Zwangsheirat ist ein Verbrechen und demzufolge strafbar. Und doch ist sie auch in der Schweiz eine soziale Realität. Gerade in den Sommer- und Herbstferien, wenn Eltern mit ihren Kindern in die Heimatländer reisen, kommt es zu Zwangsheiraten. Die Fachstelle Zwangsheirat verzeichnete 2020 über 360 Fachberatungen, davon waren ein Drittel der Betroffenen unter 18 Jahre alt. Die Jüngsten waren Mädchen von 11 und 13 Jahren. Betroffene kommen insbesondere aus Syrien, Eritrea, Afghanistan, Irak, Iran, Pakistan, aber auch aus Sri Lanka, Südosteuropa, der Türkei.

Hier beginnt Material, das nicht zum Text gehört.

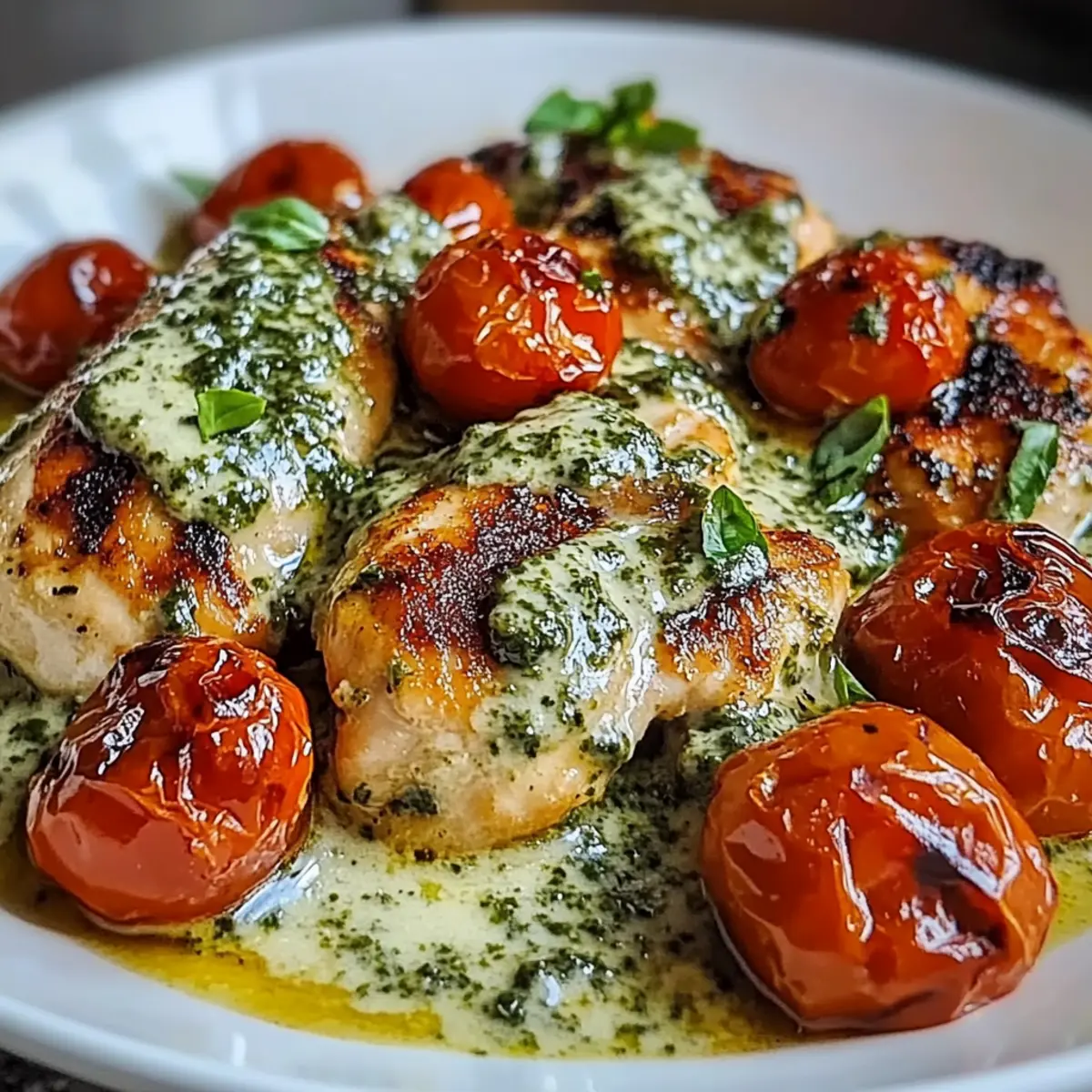 Keto Creamy Pesto Chicken with Roasted Tomatoes Bliss

Wen trifft es, was kann man tun? Darüber diskutierten
Anu Sivaganesan, Juristin, Präsidentin der Fachstelle Zwangsheirat – Kompetenzzentrum des Bundes
Ylfete Fanaj, Kantonsrätin, Sozialarbeiterin
Alexander Ott, Chef Fremdenpolizei Stadt Bern und Mitglied Runder Tisch Zwangsheirat
Zwangsheirat ist ein Verbrechen. Leider gibt es wenige Anzeigen von Betroffenen, weil die Familie die „Tat-Ausübenden“ sind. Die Ursachen sind vielfältig: Tradition, Normen der Gesellschaft, der Kultur, patriarchale Strukturen etc. Signale erkennen: Werden junge Frauen eingeschränkt im Alltag, in der Freizeit, bekommt das Thema Jungfräulichkeit ein starkes Gewicht. Mit Betroffenen ein Vertrauensverhältnis aufbauen, sie zu Anlaufstellen begleiten, ihre Kultur nicht kritisieren und nicht versuchen, selber zu helfen. Beim Runden Tisch sind alle Fachpersonen vertreten und bewerten den Fall. Fachleute müssen innert 2 Stunden erreichbar sein. Die Fachstelle berät, bespricht die rechtliche und die Gefährdungs-situation. Die Betroffenen entscheiden, wie ihnen geholfen werden soll. Wichtig sind Vertrauenspersonen in den Schulen, Betrieben, im sozialen Umfeld. Die emotionale Unterstützung ist wichtig. Der Bruch mit der Familie bedeutet Abschottung vom bisherigen Leben. Das kann eine Gefährdungssituation auslösen. Es gibt immer wieder Fälle, die das nicht schaffen. Den längsten Fall habe ich 20 Jahre lang betreut. Eine Frau aus Bosnien, die mit neuer Identität lebt und Schutzmassnahmen braucht. Wichtig ist die Sexualerziehung in den Schulen, die körperliche Selbstbestimmung und das Thema Menschenwürde. Ein Runder Tisch braucht politischen Willen und Ressourcen. Das Thema ist eine politische Notwendigkeit. Prävention für beide Geschlechter ist wichtig.